Exercise description:
The lines wanted are those in the data below that include "Cannabis".

Top of Data

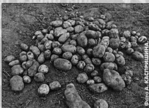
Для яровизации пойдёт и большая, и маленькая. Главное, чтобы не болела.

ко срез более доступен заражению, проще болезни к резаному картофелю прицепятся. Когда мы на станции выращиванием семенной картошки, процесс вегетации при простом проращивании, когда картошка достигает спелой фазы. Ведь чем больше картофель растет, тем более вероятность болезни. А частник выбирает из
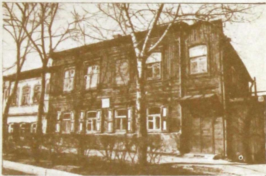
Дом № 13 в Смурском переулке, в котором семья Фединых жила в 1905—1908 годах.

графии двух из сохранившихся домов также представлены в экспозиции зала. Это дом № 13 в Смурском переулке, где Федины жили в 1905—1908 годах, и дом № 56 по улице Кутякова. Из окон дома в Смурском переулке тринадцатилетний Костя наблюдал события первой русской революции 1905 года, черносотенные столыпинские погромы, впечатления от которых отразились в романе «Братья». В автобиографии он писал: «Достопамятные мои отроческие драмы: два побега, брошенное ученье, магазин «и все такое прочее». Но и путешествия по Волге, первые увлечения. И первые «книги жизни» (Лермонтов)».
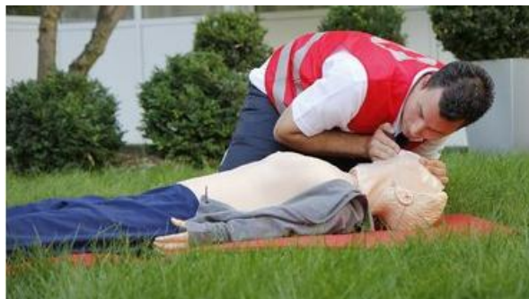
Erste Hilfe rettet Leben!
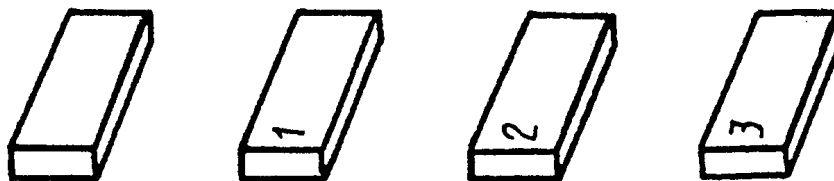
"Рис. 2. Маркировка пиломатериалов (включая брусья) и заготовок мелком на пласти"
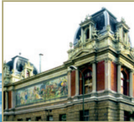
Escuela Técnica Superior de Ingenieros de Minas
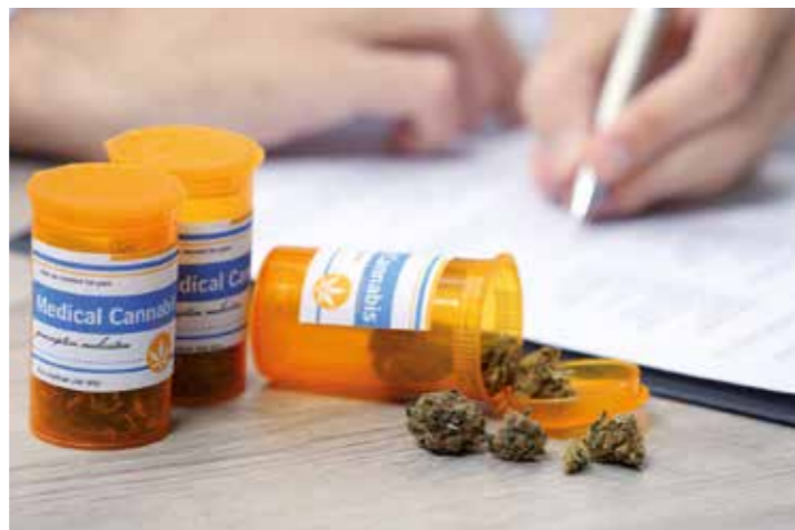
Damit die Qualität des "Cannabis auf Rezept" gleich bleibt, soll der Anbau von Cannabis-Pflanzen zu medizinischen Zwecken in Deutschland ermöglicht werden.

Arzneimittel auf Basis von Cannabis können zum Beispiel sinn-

Bottom of Data
Top of Data

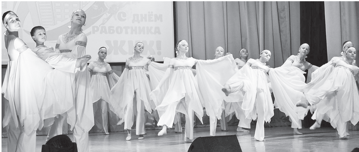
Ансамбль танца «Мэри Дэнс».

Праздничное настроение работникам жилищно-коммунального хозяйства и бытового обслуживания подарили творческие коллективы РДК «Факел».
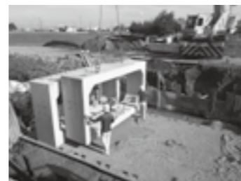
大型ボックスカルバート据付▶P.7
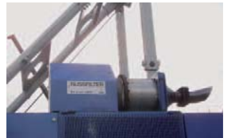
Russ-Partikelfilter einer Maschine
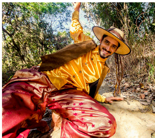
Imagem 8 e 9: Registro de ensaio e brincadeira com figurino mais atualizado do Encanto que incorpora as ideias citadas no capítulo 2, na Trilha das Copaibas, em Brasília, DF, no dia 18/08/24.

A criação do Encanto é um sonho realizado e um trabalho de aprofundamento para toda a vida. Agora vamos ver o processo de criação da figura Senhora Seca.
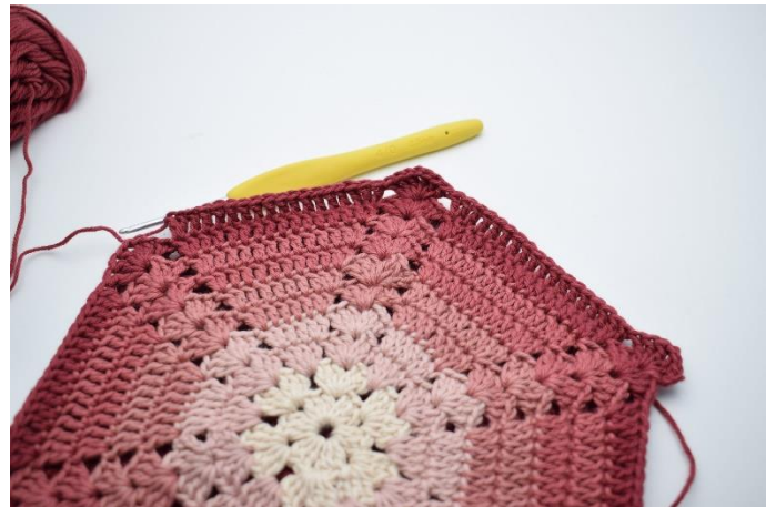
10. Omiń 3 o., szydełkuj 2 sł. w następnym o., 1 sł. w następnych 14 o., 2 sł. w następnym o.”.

Bottom of Data

Exercise output:
Damit die Qualität des "Cannabis auf Rezept" gleich bleibt, soll der Anbau von Cannabis-Pflanzen zu medizinischen Zwecken in Deutschland ermöglicht werden.
Arzneimittel auf Basis von Cannabis können zum Beispiel sinn-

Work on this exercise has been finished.